Брыська доволен итогами переговоров. Может быть даже больше чем я. Он как сумасшедший начинает носиться по комнате. Забегает по ковру под самый потолок, срывает ковер со стены и падает вместе с ним на диван.

– Брыся, ты рехнулся? Это же не ковер-самолет, – выговариваю я строго, но кот не обращает на меня ровным счетом никакого внимания. Топая, как слон, он несется по коридору. Из кухни раздается грохот рухнувшей кастрюли. Очевидно, что главная причина всех безумий на Земле – женщина. Цивилизация обречена на перманентное сумасшествие.

Привожу себя в порядок. Нахожу, оставленную доктором, мазь. Охая и постанывая, смазываю раскисшие в ванной, раны. Ставлю кофе. Разогреваю котлеты. Наконец-то я до них доберусь. Пустой желудок кричит: «Виват!». Я с ним вполне солидарен.

Звонок в дверь застает меня с вилкой, занесенной над поджаристой, золотистой картофельной котлетой. Шоколадного цвета грибная подливка томно сползает с верхней хрустящей корочки. Я сглатываю слюну и решаю: голодным не сдамся. Запихиваю в рот обжигающий кусок, почти не прожевывая, глотаю и, тут же, вдогон, отправляю вторую порцию. Звонок настойчиво зовет на выход. С набитым ртом хромаю к дверям. Брыська столбиком стоит у порога, и нервно шевелит маленькими розовыми ноздрями.

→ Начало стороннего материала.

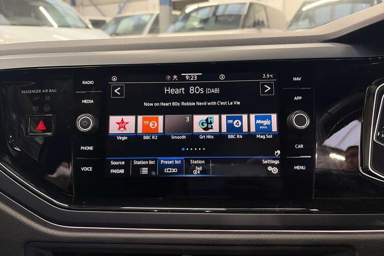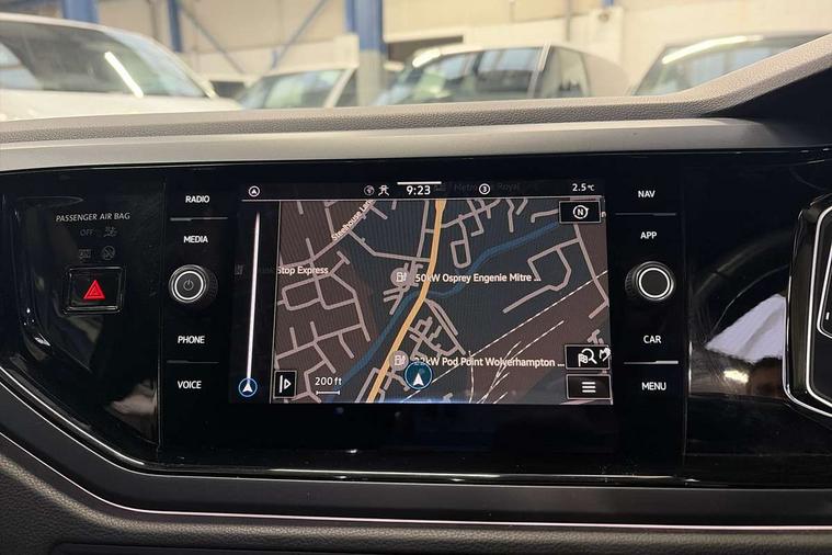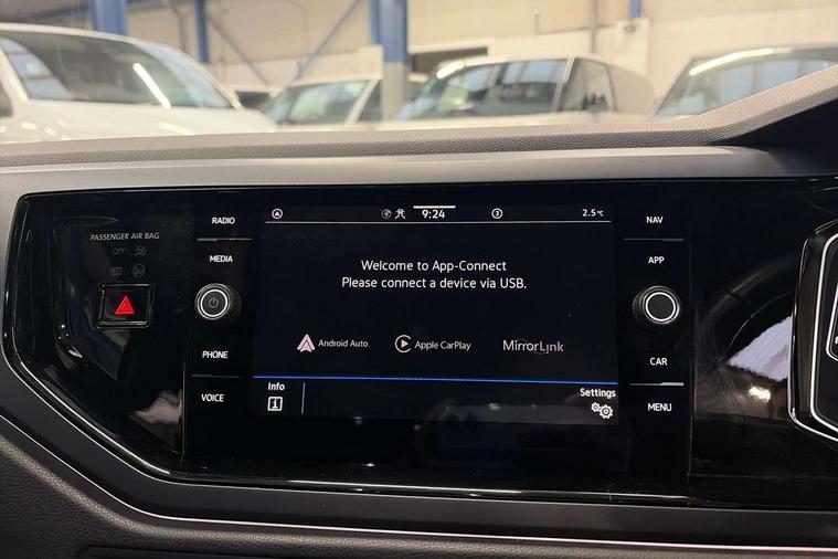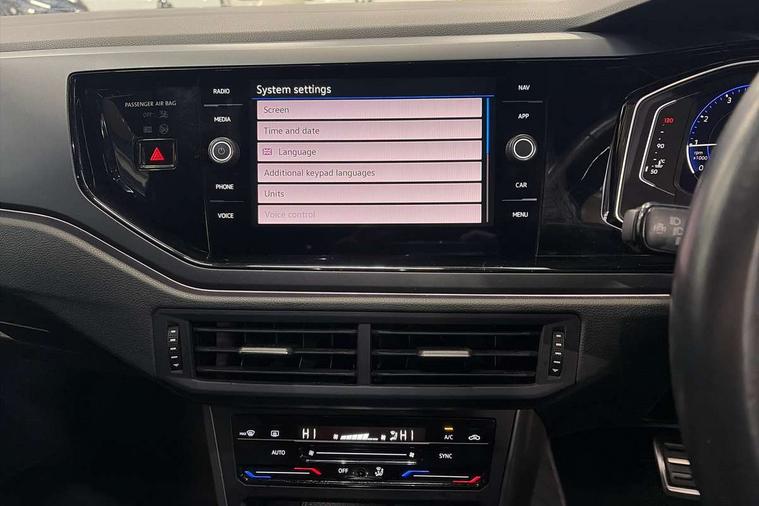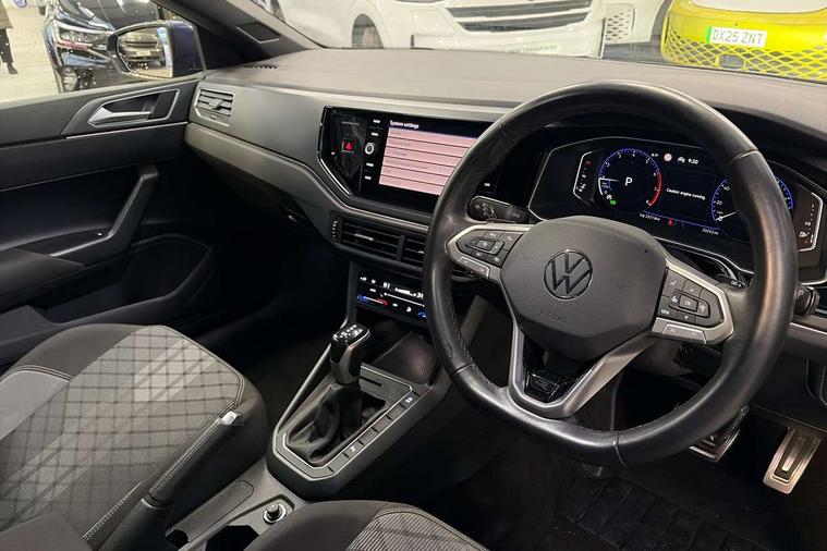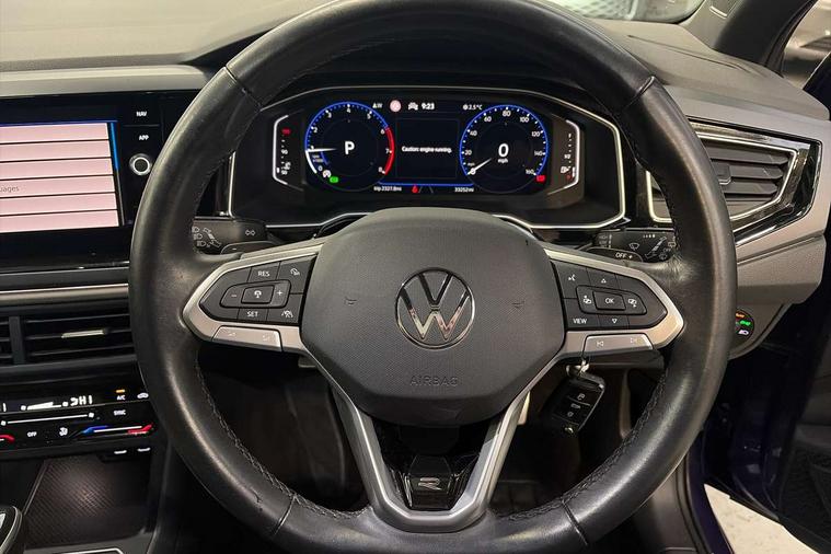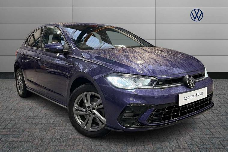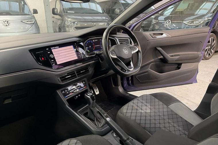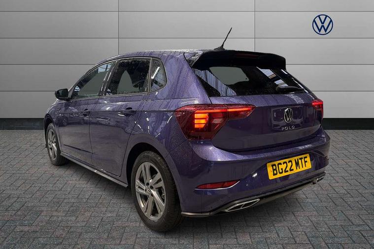 Adaptive cruise control with follow-to-stop and speed limiter, Bluetooth mobile phone interface, Digital Cockpit Pro with 10.25" Display, Driver alert system, Dynamic road sign display, Emergency call service, Power assisted speed sensitive steering, Preparation for We connect and We connect plus, Speedo and rev counter, electronic odometer, trip, service interval display and fuel gauge, Standard rear axle, Travel Assist - Lane keeping system and traffic jam assist, Travel assist including emergency assist, Trip computer, Warning signal and warning light for front and rear seatbelts not fastened, Washer fluid level indicator, Wireless app connect, Front wheel drive, Rear shock absorpion, Start-stop system with battery regeneration (recuperation - energy recovery during braking), DAB Digital radio, Diversity antenna for FM reception, Front and rear 6 speakers, Body colour bumpers, Body colour door handles, Body colour door mirrors, Electric front windows, Front scuff plates with R-Line logo, Heat insulating darkened glass in side and rear windows, Heat insulating glass windscreen, Power folding adjustable/heated exterior mirrors and front passenger exterior mirror lowering function, Rear electric windows, Rear fog light, Rear side wing doors, Rear tinted glass from B-pillar backwards approx 65% tinted, Rear windscreen washer and wiper with interval delay, Third brake light, 12V power socket in centre console, 2 USB-C ports in the front, 2 USB-C charging sockets on the center console in the rear, 3 rear head restraints, 60/40 split folding rear seat and rear seat bench not split, Air care climatronic air conditoning system with active combination filter and 2-zone temperature control, Black roof lining, Ceramique headliner, Chrome plated radiator grille inserts, air vent surrounds and light switch surrounds, Door and side trim panel, Driver and front passenger seat height adjustment, Driver/passenger sunvisors with illuminated vanity mirrors, Front + rear carpet mats, Front centre armrest, Front footwell illumination, Front seat backrest storage pockets, Front sports comfort seats, Handbrake lever handle in leather, Isofix child seat preparation easy-fit (for two outer rear seats, and front passenger seat) compatible with I-size, Karoso artvelours cloth upholstery, Leather trimmed gear knob, LED interior light with switch off delay and dimmer, 2 reading lights front and rear, Luggage compartment cover, Luggage compartment floor, Luggage compartment lighting, Lumbar adjustment for front seats, Single front passenger seat, Stainless steel pedals, Standard pedal cluster, Three spoke leather wrapped multifunction steering wheel with shifting paddles, Light and sight pack - Polo R-Line/Black Edition, 3 point height adj front seatbelts + pretensioners, 3x3 point rear seatbelts, ABS, Driver and front passenger airbag with front passenger airbag deactivation, Drivers and front passengers safety optimised head restraints, ESC (Electronic stability control) + EDL (Electronic Differntial lock) and ASR (Traction control), Extended and predictive pedestrian/ cyclist protection, Front curtain and side airbags with center airbag, Front/rear disc brakes, Hill hold control, Manual child lock in rear doors, Single tone horn, Tyre pressure loss indicator, Alarm with interior protection, Anti-theft alarm system with interior monitoring, backup horn, and towing protection, Anti-theft wheel bolts, Electronic engine immobiliser, Chrome applications on rotary light, mirror adjustment, window regulator switches, outlet with frame in black, Dark grey anodised matt decorative inserts in dash and front door panels, Low rolling resistance tyres,
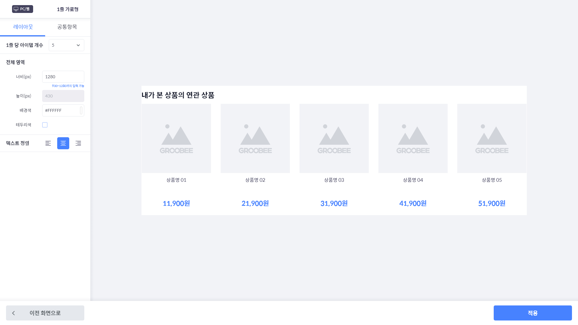 5. 텍스트 정렬: 상품명, 가격 텍스트의 정렬 방법을 지정할 수 있습니다.
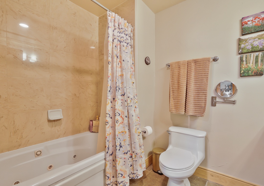 Retreat to the inviting bedroom, where a comfortable queen-sized bed promises a restful night’s sleep. The bedroom also offers ample closet space and a calming ambiance, perfect for recharging after a day of adventure. The bathroom is both clean and functional, featuring a shower/tub combination, fresh towels, and complimentary toiletries, ensuring a pleasant stay.
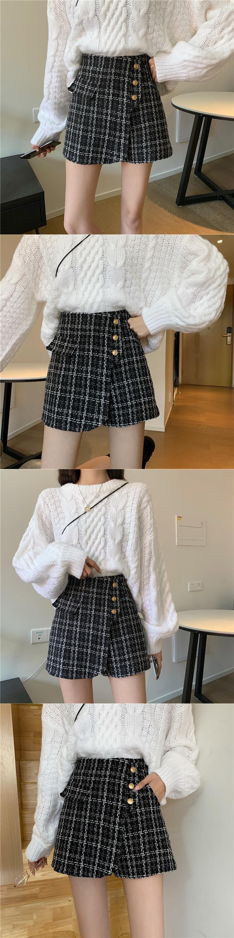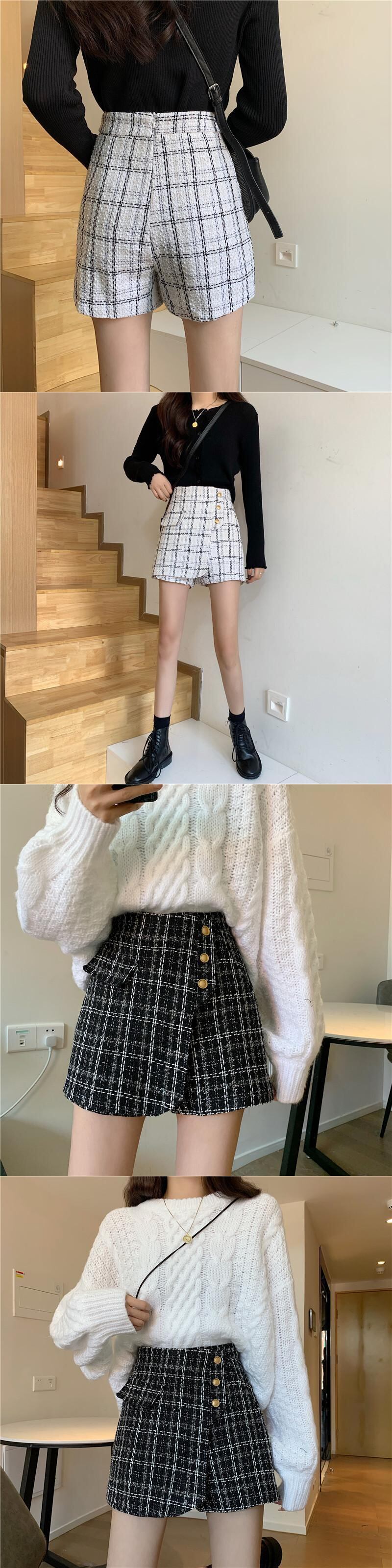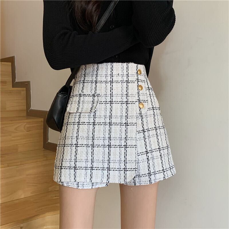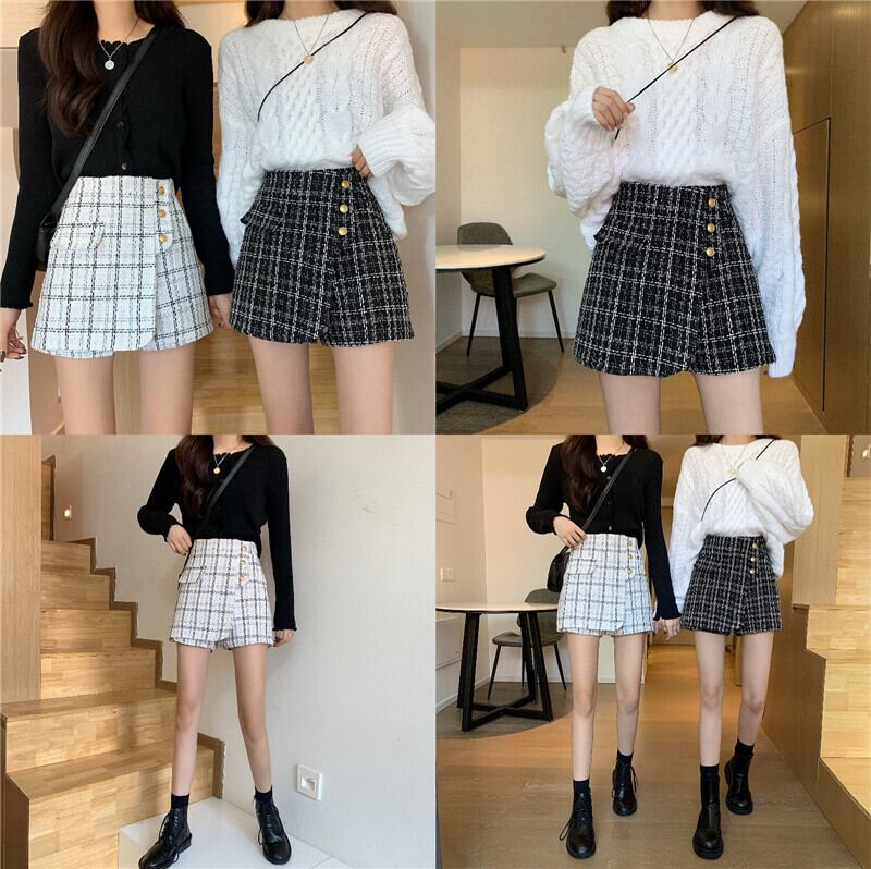 スタンダードツィード格子柄パンツ オータムウィンタースタイルハイウェストウェストショーツ スカート 薄手カジュアル レトロ 秋物 冬物 ブルマー YY-ファッション98626598522

– О ам? – мычу набитым ртом.

– Андрей, откройте. Это я. – Столько счастье в один день не бывает. Даже в детстве, за подарком, очень даже запросто, следовало наказание. Открываю дверь. Катя пришла меня спасать от моего безалаберного отношения к своему здоровью.

– Что у вас с зубами? В какую историю вы еще попали? Подрались? – Торопливо проваливаю в пищевод раскаленную котлету. Боль адская, но чего не сделаешь ради любимой женщины.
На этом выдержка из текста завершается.